* [Description of the task] Copy each line below as written, but skip the pictures.

* [Supplied material]
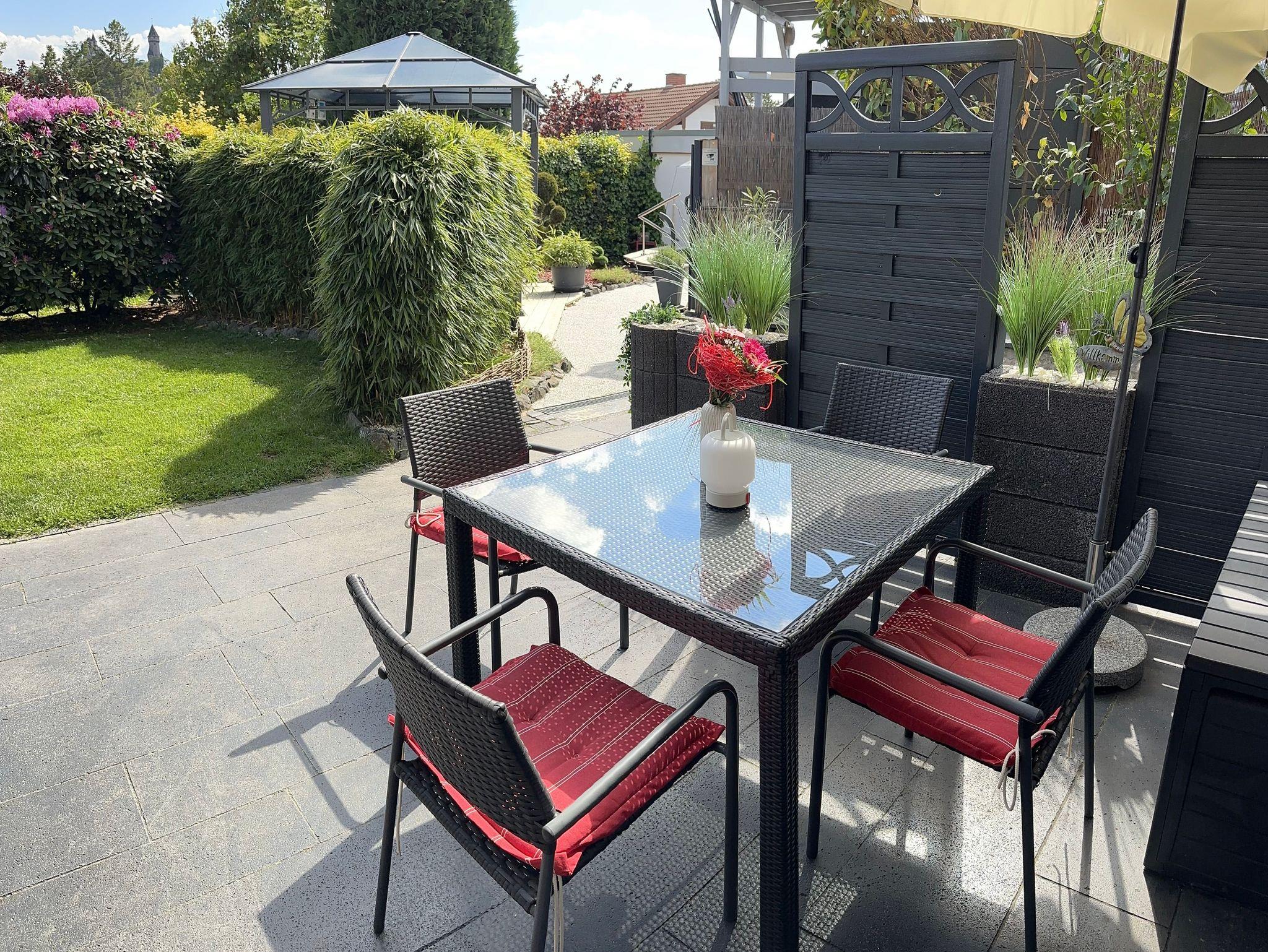 Drei sonnige, sehr helle und ruhige 4-Sterne Ferienwohnungen, mit modernem Boxspringbett, fantastischem Schlossblick, großem, modernem Bad mit bodengleicher Dusche, Wohn-/Esszimmer, inklusive voll ausgestatteter, moderner Küche und ausziehbarem Schlafsofa und Schreibtisch. Jedes Apartment hat eine eigene große Terrasse mit Liegestuhl, Sonnenschirm und Tisch mit 4 Stühlen sowie eine helle Fensterfront.
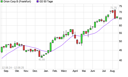 Mit dem Anstieg auf 66,20 EUR hat die Orion Corporation-Aktie am 11.08.2025 die 50-Tage-Linie nach oben gekreuzt.
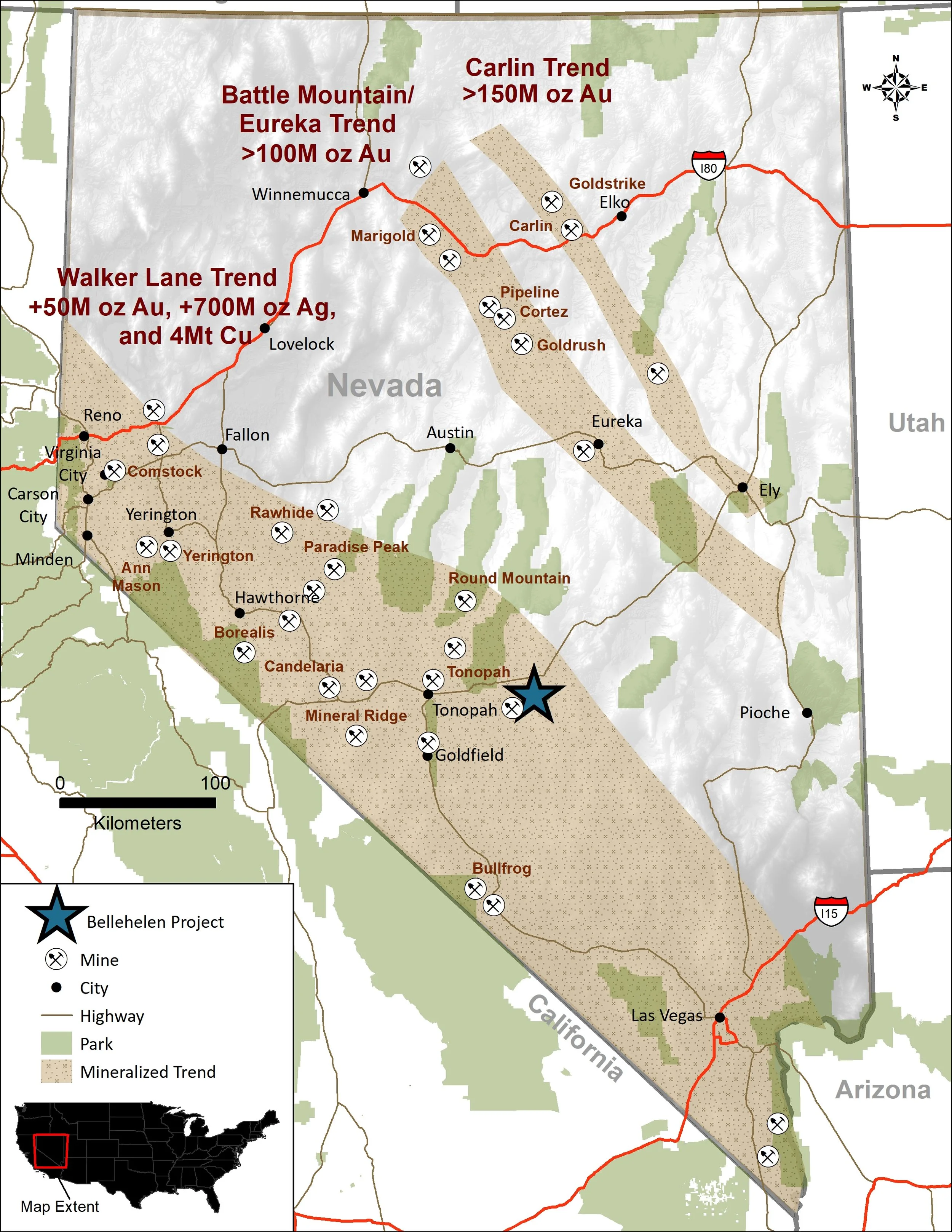 Bellehelen lies along the Kawich–Toiyabe (KT) Lineament—an important 100 km west-northwest structural corridor linking the Reveille Range to Monitor Valley near Tonopah. This crustal-scale feature hosts several precious-metal systems across Central Nevada and provides the structural framework for Bellehelen’s low-sulphidation epithermal mineralization. Its position within the Walker Lane Trend further enhances the district’s potential, aligning it with some of the region’s most productive gold-silver deposits.

* [Problem solution]
 Drei sonnige, sehr helle und ruhige 4-Sterne Ferienwohnungen, mit modernem Boxspringbett, fantastischem Schlossblick, großem, modernem Bad mit bodengleicher Dusche, Wohn-/Esszimmer, inklusive voll ausgestatteter, moderner Küche und ausziehbarem Schlafsofa und Schreibtisch. Jedes Apartment hat eine eigene große Terrasse mit Liegestuhl, Sonnenschirm und Tisch mit 4 Stühlen sowie eine helle Fensterfront.
 Mit dem Anstieg auf 66,20 EUR hat die Orion Corporation-Aktie am 11.08.2025 die 50-Tage-Linie nach oben gekreuzt.
 Bellehelen lies along the Kawich–Toiyabe (KT) Lineament—an important 100 km west-northwest structural corridor linking the Reveille Range to Monitor Valley near Tonopah. This crustal-scale feature hosts several precious-metal systems across Central Nevada and provides the structural framework for Bellehelen’s low-sulphidation epithermal mineralization. Its position within the Walker Lane Trend further enhances the district’s potential, aligning it with some of the region’s most productive gold-silver deposits.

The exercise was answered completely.